NOTE:
These data are for research purposes only. While the ClinGen data are
open to the public, users seeking information about a personal medical or
genetic condition are urged to consult with a qualified physician for
diagnosis and for answers to personal medical questions.
UCSC presents these data for use by qualified professionals, and even such professionals should use caution in interpreting the significance of information found here. No single data point should be taken at face value and such data should always be used in conjunction with as much corroborating data as possible. No treatment protocols should be developed or patient advice given on the basis of these data without careful consideration of all possible sources of information.

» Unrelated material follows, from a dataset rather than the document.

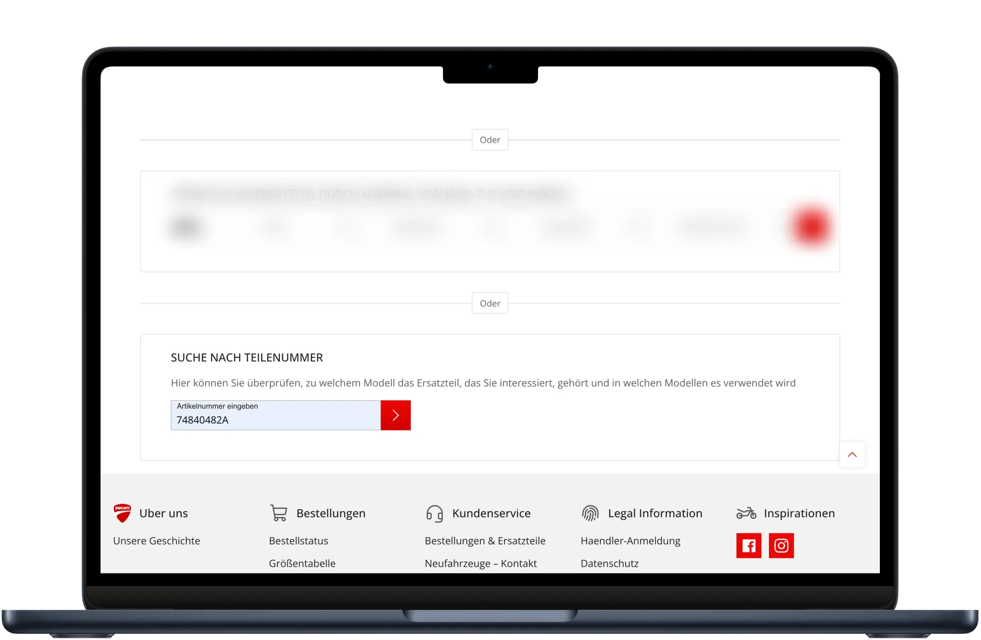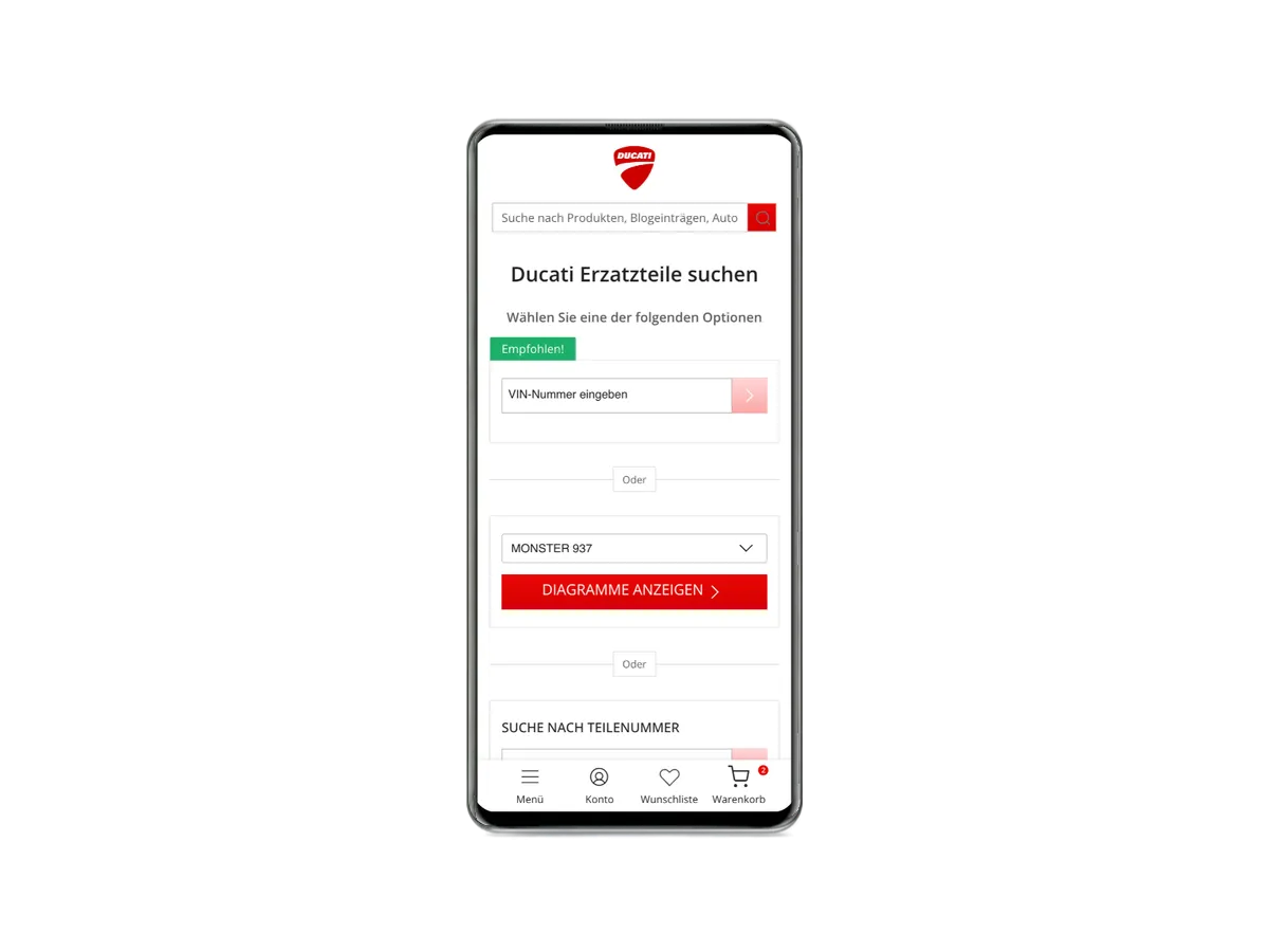 Diese Suchmethode ist ideal, wenn Sie die genaue Teilenummer bereits kennen. Wo finden Sie diese? Wurde Ihre Ducati außerhalb eines autorisierten Servicebetriebs gewartet, hat der Mechaniker häufig eine Liste der benötigten Teile inklusive Teilenummern erstellt. Wenn Sie Ihr Motorrad selbst warten, sind viele Teilenummern zudem direkt auf den Bauteilen eingraviert oder eingeprägt – das erleichtert die eindeutige Identifikation erheblich.

No attempt to identify individual patients should be undertaken. No one is authorized to attempt to identify patients by any means.
The ClinGen Dosage Sensitivity dataset shows evidence supporting or refuting haploinsufficiency (loss) and triplosensitivity (gain) as mechanisms for disease at gene-level and larger genomic regions.

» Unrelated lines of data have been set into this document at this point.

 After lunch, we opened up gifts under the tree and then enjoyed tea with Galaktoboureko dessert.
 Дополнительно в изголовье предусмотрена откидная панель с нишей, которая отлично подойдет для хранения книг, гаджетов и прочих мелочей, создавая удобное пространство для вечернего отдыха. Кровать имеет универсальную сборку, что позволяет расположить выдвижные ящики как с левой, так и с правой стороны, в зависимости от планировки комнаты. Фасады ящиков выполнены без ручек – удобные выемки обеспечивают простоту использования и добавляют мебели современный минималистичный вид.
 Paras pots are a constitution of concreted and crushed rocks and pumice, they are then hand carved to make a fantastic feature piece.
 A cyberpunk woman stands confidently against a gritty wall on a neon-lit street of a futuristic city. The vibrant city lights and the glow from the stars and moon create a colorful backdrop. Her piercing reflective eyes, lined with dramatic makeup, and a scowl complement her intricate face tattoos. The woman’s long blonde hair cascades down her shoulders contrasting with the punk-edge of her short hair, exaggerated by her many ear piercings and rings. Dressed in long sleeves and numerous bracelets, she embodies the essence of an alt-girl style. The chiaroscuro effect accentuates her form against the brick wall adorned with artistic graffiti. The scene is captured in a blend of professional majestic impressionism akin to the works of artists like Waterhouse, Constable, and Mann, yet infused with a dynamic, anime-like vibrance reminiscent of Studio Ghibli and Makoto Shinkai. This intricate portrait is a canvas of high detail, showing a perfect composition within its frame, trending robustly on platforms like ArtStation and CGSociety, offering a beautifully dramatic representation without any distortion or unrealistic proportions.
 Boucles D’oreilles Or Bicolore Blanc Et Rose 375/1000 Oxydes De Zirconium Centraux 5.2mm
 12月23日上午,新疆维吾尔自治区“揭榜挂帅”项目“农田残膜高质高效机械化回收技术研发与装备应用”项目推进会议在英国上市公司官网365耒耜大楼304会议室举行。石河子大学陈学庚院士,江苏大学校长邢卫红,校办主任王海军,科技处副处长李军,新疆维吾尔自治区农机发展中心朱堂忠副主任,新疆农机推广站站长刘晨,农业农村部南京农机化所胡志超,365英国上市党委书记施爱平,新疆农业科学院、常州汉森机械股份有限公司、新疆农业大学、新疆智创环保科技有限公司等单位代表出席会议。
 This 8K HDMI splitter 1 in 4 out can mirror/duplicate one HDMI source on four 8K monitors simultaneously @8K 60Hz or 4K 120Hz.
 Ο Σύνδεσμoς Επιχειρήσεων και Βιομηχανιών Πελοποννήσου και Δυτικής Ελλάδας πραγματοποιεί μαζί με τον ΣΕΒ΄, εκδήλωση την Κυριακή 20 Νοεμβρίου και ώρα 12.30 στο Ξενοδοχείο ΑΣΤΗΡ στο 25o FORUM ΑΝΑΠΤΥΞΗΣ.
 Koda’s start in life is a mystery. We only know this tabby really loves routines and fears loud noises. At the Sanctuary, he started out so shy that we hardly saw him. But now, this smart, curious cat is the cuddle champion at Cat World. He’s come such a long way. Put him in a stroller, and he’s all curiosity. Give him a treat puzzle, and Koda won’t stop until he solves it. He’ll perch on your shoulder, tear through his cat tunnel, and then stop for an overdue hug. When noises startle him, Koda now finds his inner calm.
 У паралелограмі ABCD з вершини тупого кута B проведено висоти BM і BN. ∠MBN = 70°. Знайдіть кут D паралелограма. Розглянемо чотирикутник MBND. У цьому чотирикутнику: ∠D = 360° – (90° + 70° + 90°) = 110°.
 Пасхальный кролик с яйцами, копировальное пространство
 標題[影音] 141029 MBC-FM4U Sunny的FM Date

A rating system is used to classify the evidence supporting or refuting dosage sensitivity for individual genes and regions, which takes in consideration the following criteria: number of causative mutations reported, patterns of inheritance, consistency of phenotype, evidence from large-scale case-control studies, mutational mechanisms, data from public genome variation databases, and expert consensus opinion.
The system is intended to be of a "dynamic nature", with regions being reevaluated periodically to incorporate emerging evidence. The evidence collected is displayed within a publicly available database. Evidence that haploinsufficiency or triplosensitivity of a gene is associated with a specific phenotype will aid in the interpretive assessment of CNVs including that gene.

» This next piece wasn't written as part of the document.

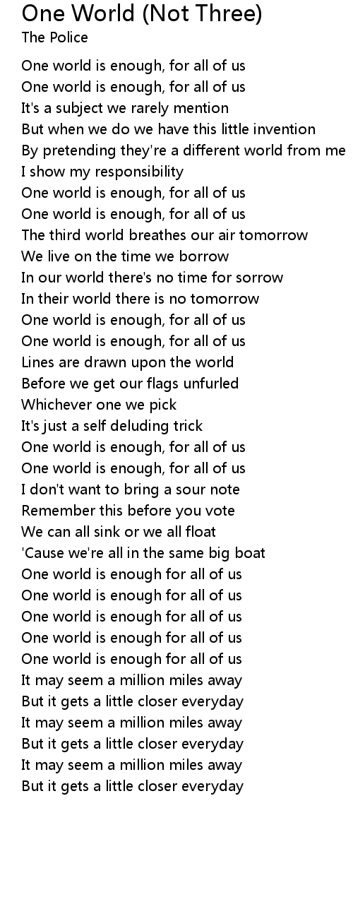 One world is enough for all of us |
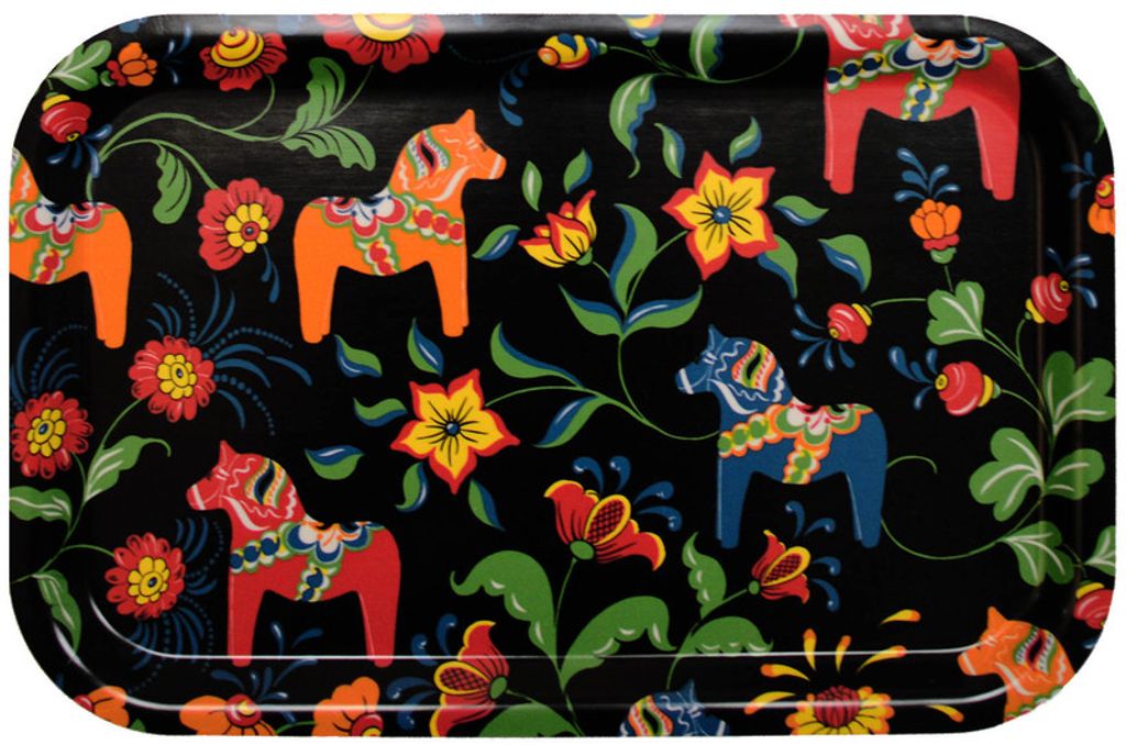 Leksand svart bricka med traditionellt dalahästmönster

There are two subtracks in this track set:
Scores are used to classify the evidence of the supporting dosage sensitivity map:
For more information on the use of the scores see the ClinGen FAQs. Items are shaded according to dosage sensitivity type. red for haploinsufficiency, blue for triplosensitivity, violet for associations with autosomal recessive phenotypes, and grey for genes/regions that have not been evaluated yet or no evidence is available. A light to dark gradient color is used according to the degree of supporting evidence.
Mouseover on items shows the supporting evidence of dosage sensitivity and respective scores. All tracks can be filtered according to the supporting evidence of dosage sensitivity.
The raw data can be explored interactively with the Table Browser, or the Data Integrator. For automated analysis, the data may be queried from our REST API. Please refer to our mailing list archives for questions, or our Data Access FAQ for more information.
Thank you to ClinGen and NCBI, especially Erin Rooney Riggs for technical coordination and consultation, and to Christopher Lee, Anna Benet-Pages, and Maximilian Haeussler of the Genome Browser team for engineering the track display.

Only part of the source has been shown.